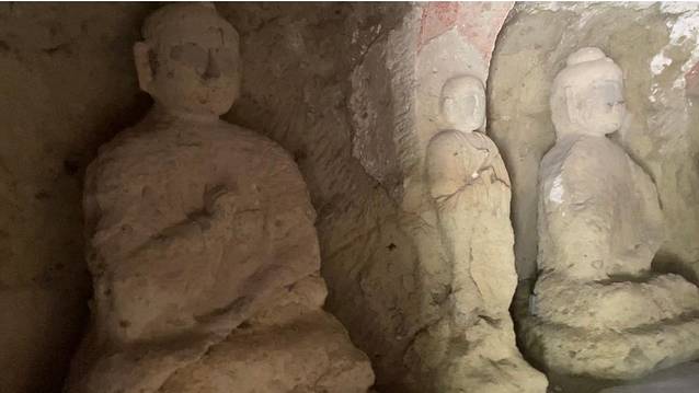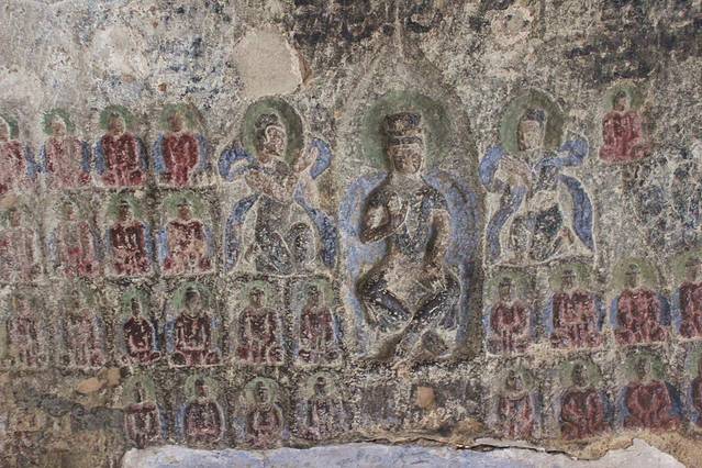 眼前这个低矮的洞窟。是第2,3,4窟,损毁比较严重。石壁上有一些小型 菩萨 像和飞天。这些小佛像,每个不过巴掌大小,整整齐齐的雕刻在石壁上。万佛堂的最大好处,就是可以近距离观察这些古老的遗迹。只有在这样不太著名的石窟里,才能如此近距离的看到墙壁上的五彩飞天伎乐。
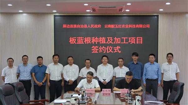 云南靛玉红农业科技公司董事长高晖在签约后表示:“屏边得天独厚的自然环境和丰富的林下资源,为孕育高品质、道地板蓝根提供了优越条件,公司将严格履行协议承诺,高标准、高质量完成板蓝根种苗基地、加工厂的建设与运营,落实保底价收购县域板蓝根鲜枝叶;引进先进种植技术和精深加工工艺,促进板蓝根全产业链发展。”
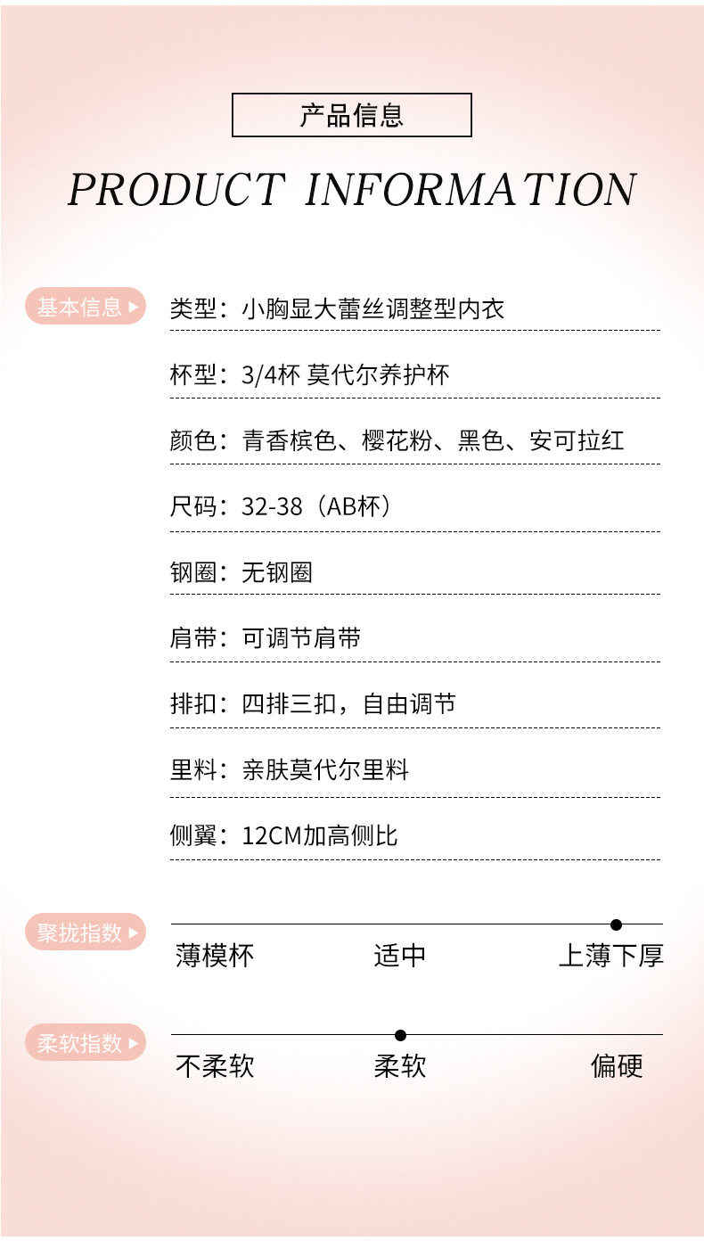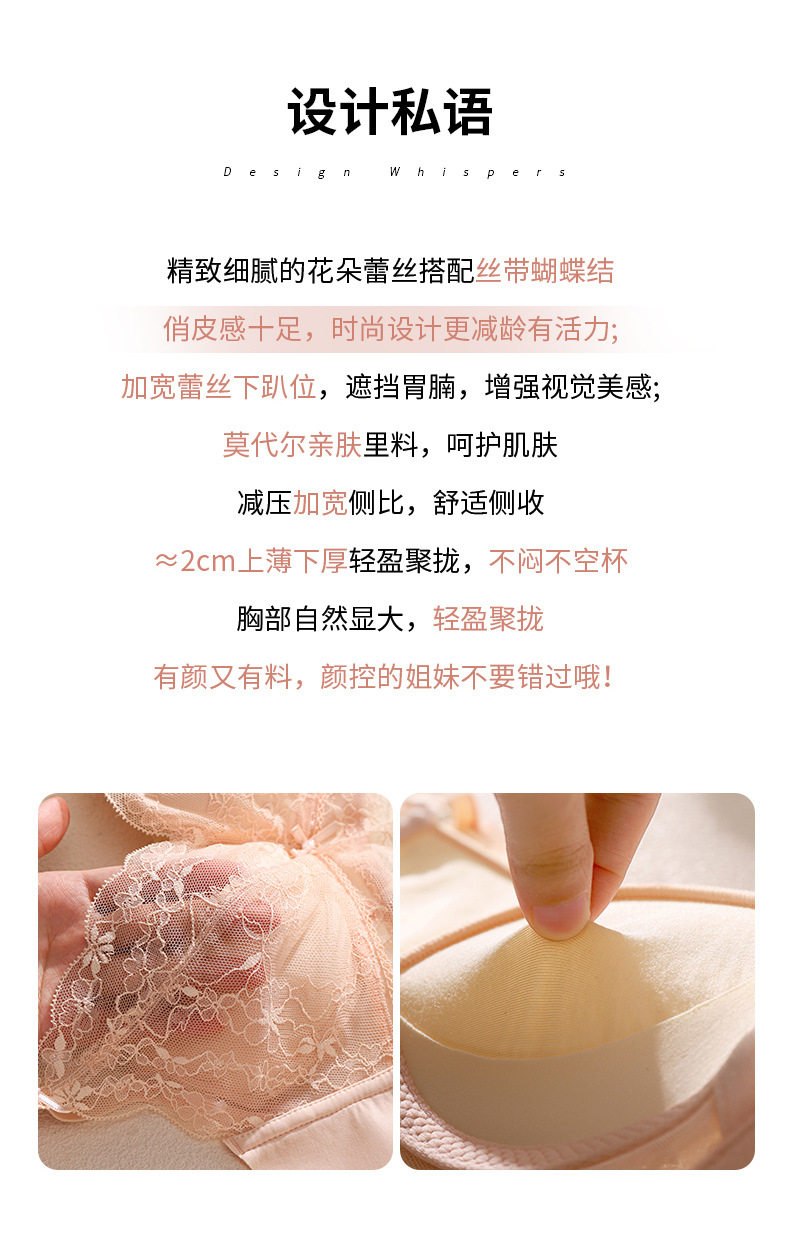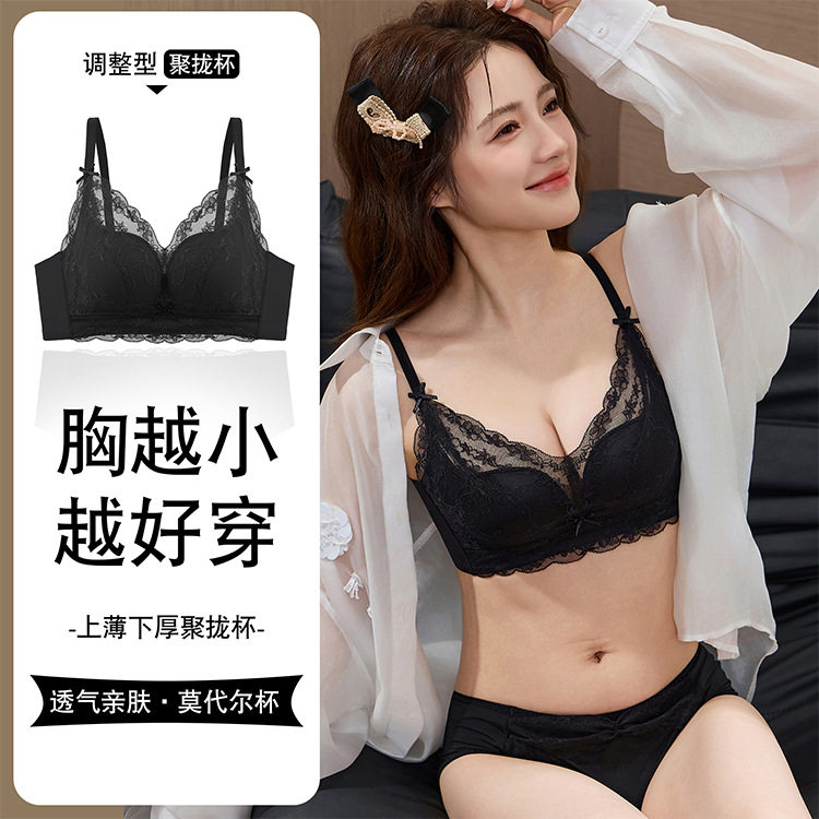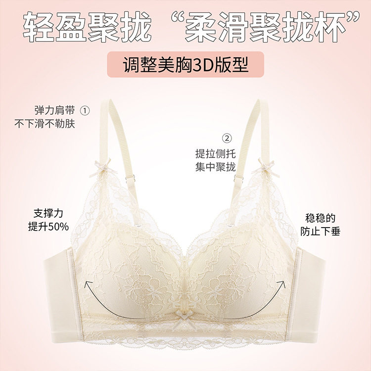 蕾丝莫代尔亲肤小胸聚拢显大内衣女调整型裸感舒适无钢圈文胸

▶ _DIRECTIONS FOR THIS TASK_
Once the pictures are removed, print all the remaining data exactly as it stands.

▶ _RESPONSE TO THIS TASK_
 眼前这个低矮的洞窟。是第2,3,4窟,损毁比较严重。石壁上有一些小型 菩萨 像和飞天。这些小佛像,每个不过巴掌大小,整整齐齐的雕刻在石壁上。万佛堂的最大好处,就是可以近距离观察这些古老的遗迹。只有在这样不太著名的石窟里,才能如此近距离的看到墙壁上的五彩飞天伎乐。
 云南靛玉红农业科技公司董事长高晖在签约后表示:“屏边得天独厚的自然环境和丰富的林下资源,为孕育高品质、道地板蓝根提供了优越条件,公司将严格履行协议承诺,高标准、高质量完成板蓝根种苗基地、加工厂的建设与运营,落实保底价收购县域板蓝根鲜枝叶;引进先进种植技术和精深加工工艺,促进板蓝根全产业链发展。”
 蕾丝莫代尔亲肤小胸聚拢显大内衣女调整型裸感舒适无钢圈文胸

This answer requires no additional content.